Rush’s Geddy Lee has shared his thoughts on the band’s final tour and revealed one of his regrets about the way the band ended.
In a new interview with Classic Rock, Lee admitted that he felt bad about not being able to perform for their European and British fans.
“I’d pushed really hard to get more gigs so that we could do those extra shows and I was unsuccessful,” Lee said about the ‘R40 Live Tour.’ “I really felt like I let our British and European fans down. It felt to me incorrect that we didn’t do it, but Neil [Peart] was adamant that he would only do thirty shows and that was it.”
Neil Peart didn’t want to tour again with Rush. He was ready to retire from music entirely, something he would officially do a few months after the tour ended.

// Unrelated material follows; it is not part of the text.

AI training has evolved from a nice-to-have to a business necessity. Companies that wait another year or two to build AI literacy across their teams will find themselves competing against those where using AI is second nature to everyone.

But that doesn’t mean he gave up on his performances during the final shows. “That to him was a huge compromise because he didn’t want to do any shows. He didn’t want to do one show,” Lee added.

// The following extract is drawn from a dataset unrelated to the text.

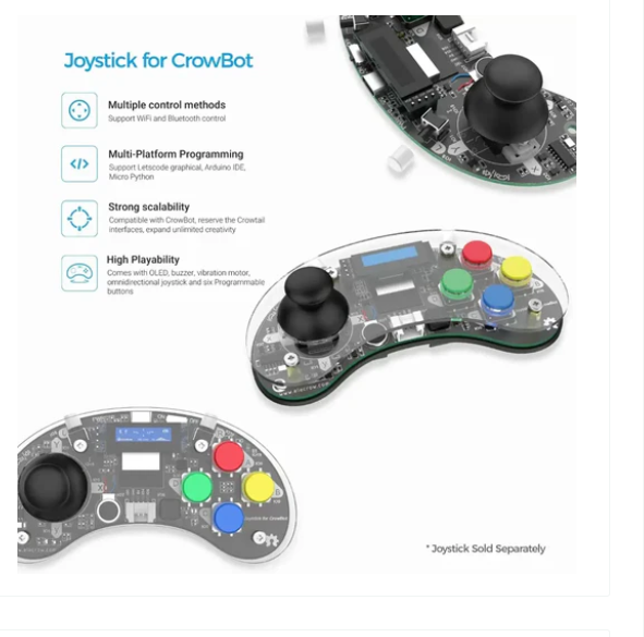 CrowBot BOLT - Open source programmable intelligent robot car STEAM robot kit (with joystick handle) is an innovative intelligent programming vehicle driven by ESP32 chip. The device is equipped with various sensors, including optical sensors, ultrasonic sensors, and line tracking sensors. It also has WiFi and Bluetooth capabilities, making it a versatile tool suitable for various programming environments such as Letscode, Micropython, and Arduino.

In the same chat, Alex Lifeson remembered a time when Peart might have considered extending the tour. “There was a point where I think Neil was open to maybe extending the run. Then, he got this painful infection in one of his feet. I mean, he could barely walk to the stage at one point.”

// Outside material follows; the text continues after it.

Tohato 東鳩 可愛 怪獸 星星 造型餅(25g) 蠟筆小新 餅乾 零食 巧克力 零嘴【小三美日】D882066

Lifeson explained that Peart had to use a golf cart to get to the stage because walking hurt too much. But once he sat behind the drums, he was fully focused. “He played a three-hour show, at the same intensity he played every single show.”
Rush’s ‘R40 Live Tour’ started in May 2015 in Tulsa, Oklahoma, and included 35 shows across North America before wrapping up in August.
Although the fans asked for more shows, it turned out to be the band’s last tour. The band’s break-up wasn’t confirmed until Peart’s death in January 2020, even though their final album, ‘Clockwork Angels,’ was released in 2012.